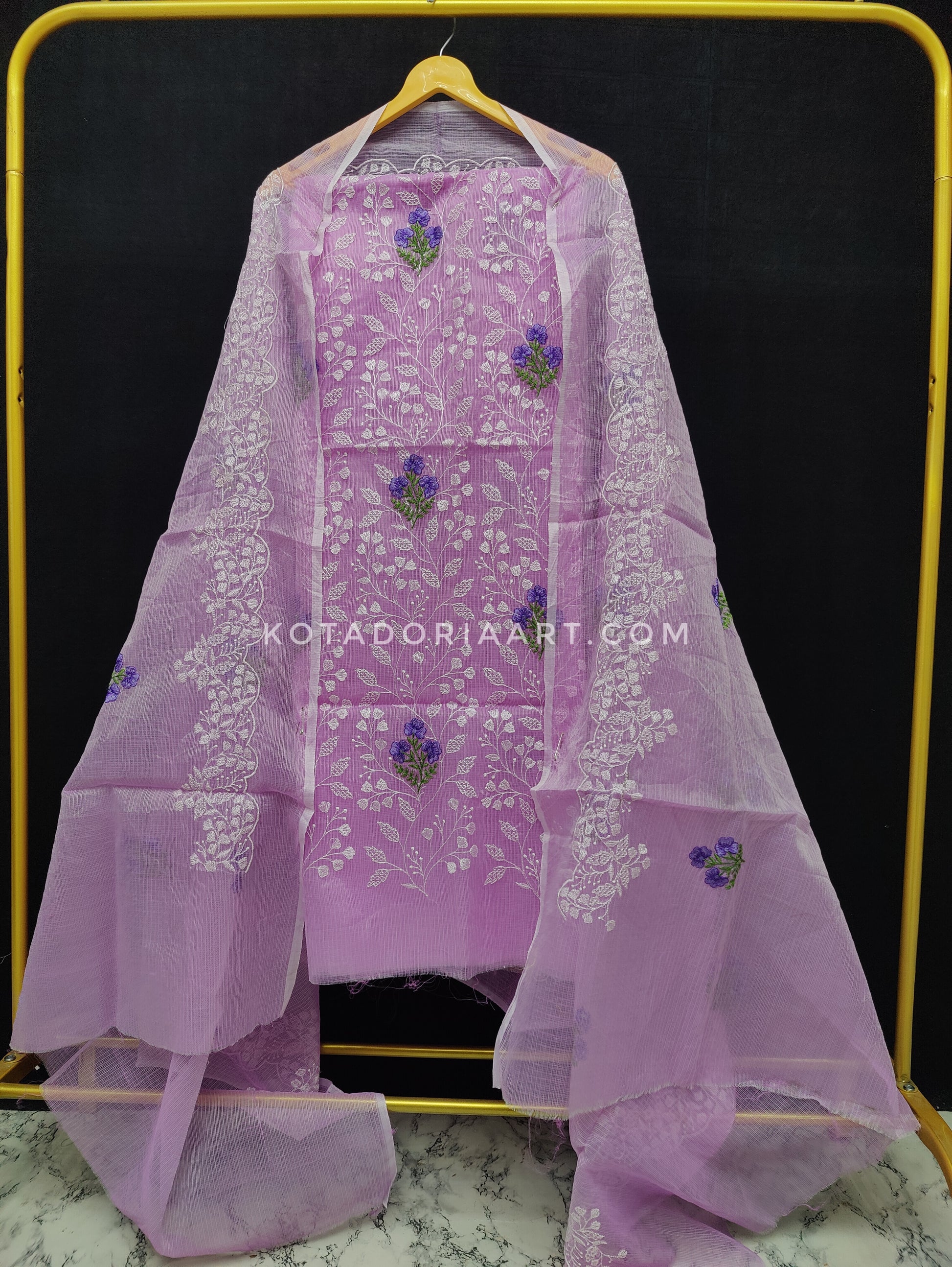 Purple Kota Doria Cotton Embroidery Work Dress Material
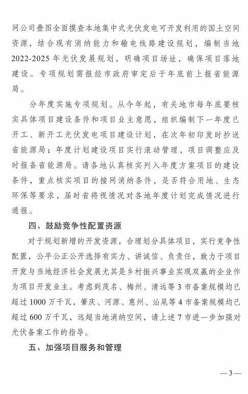 4.鼓勵競爭性配置資源:考慮到茂名、梅州、清遠(yuǎn)等3市備案規(guī)模均已超過1000萬千瓦,肇慶、河源、惠州、汕尾等4市備案規(guī)模均已超過600萬千瓦,遠(yuǎn)超當(dāng)?shù)叵{空間,請上述7市進(jìn)一步加強對光伏備案工作的指導(dǎo)。
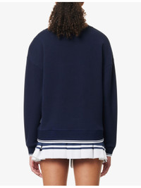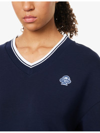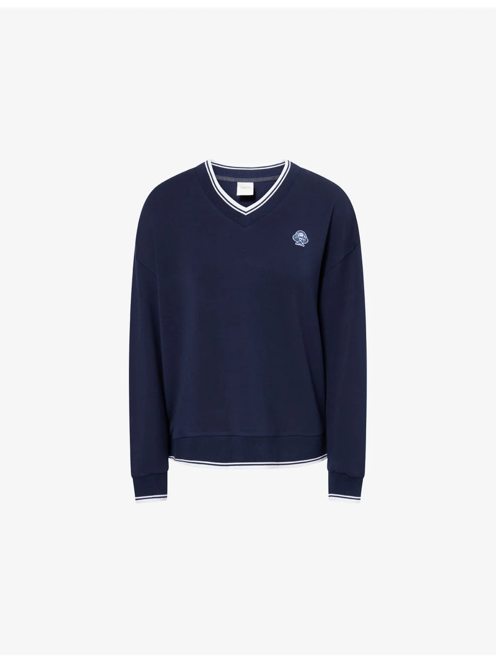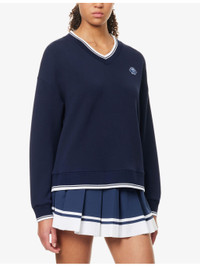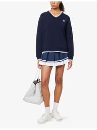 PRODUCT DETAILS - Varley knitted jumber - 81% viscose, 15% polyester, 4% elastane - V-neckline, long sleeves, embroidered logo detailing at front, striped ribbed trims - Machine wash cold - True to size - Model is 5ft 10in/1.78m and wears a size small - Lightweight, stretchy Ref: R04470179
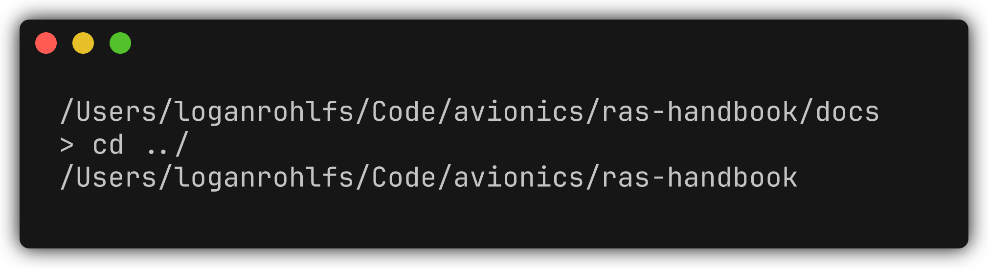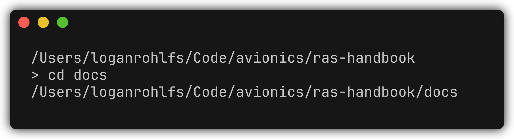 pwd # Output present working directory cd docs # Change working directory pwd # Output present working directory -
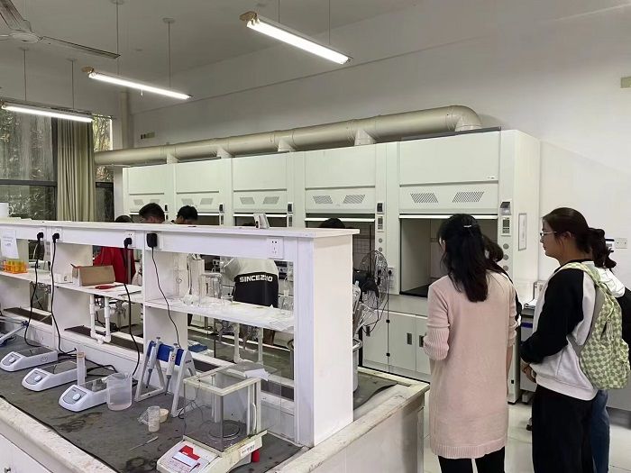 沿着实验中心的走廊,新生们有序地参观了整理、染色、印花公共实验室,公司展示厅,深感实验的神奇和技术的精湛。每一个角落都是科技与艺术的完美结合。在专任教师科研工作室,他们看到了导师们的辛勤付出,体会到了学术研究的严谨与深入。
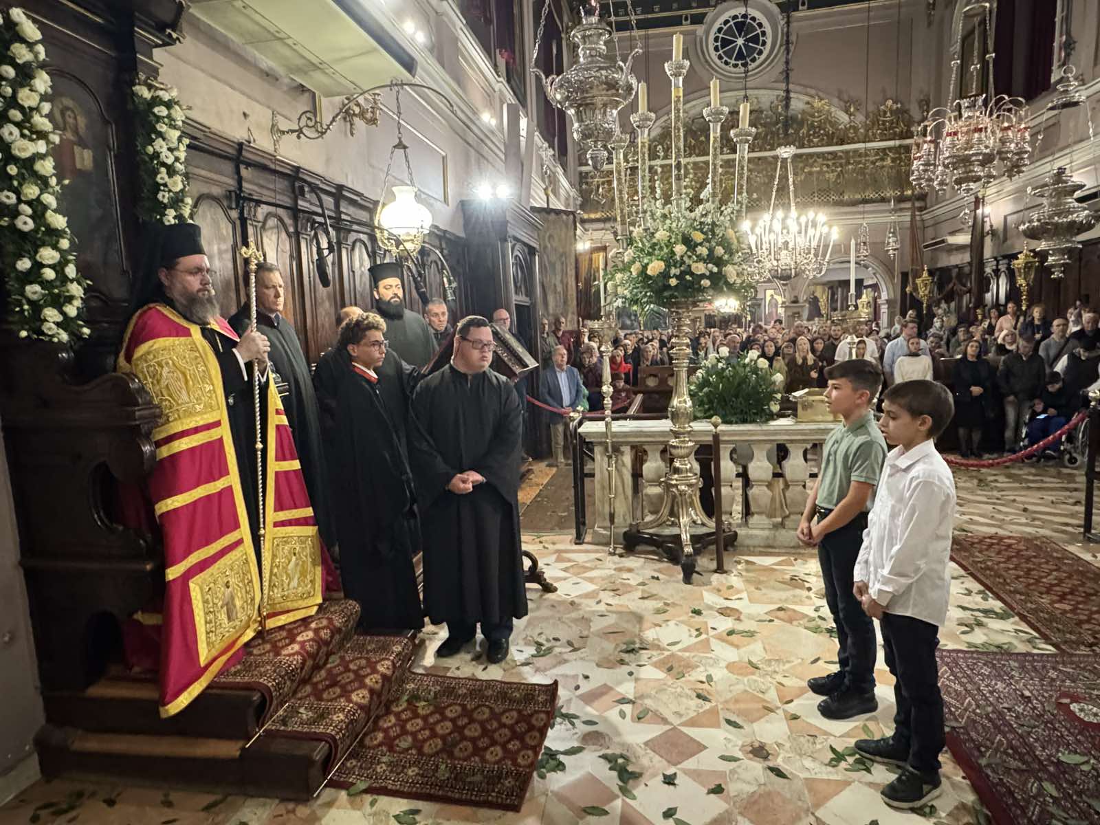 Στο κατάμεστο από πιστούς Ιερό Προσκύνημα του Αγίου Σπυρίδωνος ξεκίνησαν το απόγευμα του Σαββάτου 2 Νοεμβρίου 2024 οι λατρευτικές εκδηλώσεις για το Πρωτοκύριακο, στο οποίο οι Κερκυραίοι θυμούνται το θαύμα διασώσεως της νήσου από την πανώλη που έκανε ο Άγιος Σπυρίδων το 1673. Στον Πολυαρχιερατικό Εσπερινό χοροστάτησε ο Σεβασμιώτατος Μητροπολίτης Αιτωλίας και Ακαρνανίας κ. Δαμασκηνός, ενώ συγχοροστάτησαν οι Σεβασμιώτατοι Μητροπολίτες Δημητριάδος και Αλμυρού κ. Ιγνάτιος και Ρούσε (Πατριαρχείο Βουλγαρίας) κ. Ναούμ, μαζί με τον οικείο Ποιμενάρχη Σεβασμιώτατο Μητροπολίτη Κερκύρας, Παξών και Διαποντίων Νήσων κ. Νεκτάριο.
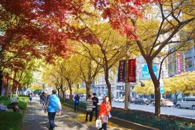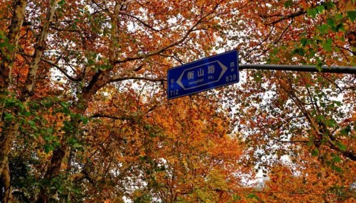 深秋的番禺路美得像画一般,绿的、黄的、红的梧桐叶,层层叠叠,都挂在枝头。

--

INSTRUCTIONS TO FOLLOW:
Each line from the one holding "PRODUCT DETAILS - Varley" through the end of the listing is to be output exactly, both ends included, with no other lines and the pictures left out.

RESULT:
 PRODUCT DETAILS - Varley knitted jumber - 81% viscose, 15% polyester, 4% elastane - V-neckline, long sleeves, embroidered logo detailing at front, striped ribbed trims - Machine wash cold - True to size - Model is 5ft 10in/1.78m and wears a size small - Lightweight, stretchy Ref: R04470179
 pwd # Output present working directory cd docs # Change working directory pwd # Output present working directory -
 沿着实验中心的走廊,新生们有序地参观了整理、染色、印花公共实验室,公司展示厅,深感实验的神奇和技术的精湛。每一个角落都是科技与艺术的完美结合。在专任教师科研工作室,他们看到了导师们的辛勤付出,体会到了学术研究的严谨与深入。
 Στο κατάμεστο από πιστούς Ιερό Προσκύνημα του Αγίου Σπυρίδωνος ξεκίνησαν το απόγευμα του Σαββάτου 2 Νοεμβρίου 2024 οι λατρευτικές εκδηλώσεις για το Πρωτοκύριακο, στο οποίο οι Κερκυραίοι θυμούνται το θαύμα διασώσεως της νήσου από την πανώλη που έκανε ο Άγιος Σπυρίδων το 1673. Στον Πολυαρχιερατικό Εσπερινό χοροστάτησε ο Σεβασμιώτατος Μητροπολίτης Αιτωλίας και Ακαρνανίας κ. Δαμασκηνός, ενώ συγχοροστάτησαν οι Σεβασμιώτατοι Μητροπολίτες Δημητριάδος και Αλμυρού κ. Ιγνάτιος και Ρούσε (Πατριαρχείο Βουλγαρίας) κ. Ναούμ, μαζί με τον οικείο Ποιμενάρχη Σεβασμιώτατο Μητροπολίτη Κερκύρας, Παξών και Διαποντίων Νήσων κ. Νεκτάριο.
 深秋的番禺路美得像画一般,绿的、黄的、红的梧桐叶,层层叠叠,都挂在枝头。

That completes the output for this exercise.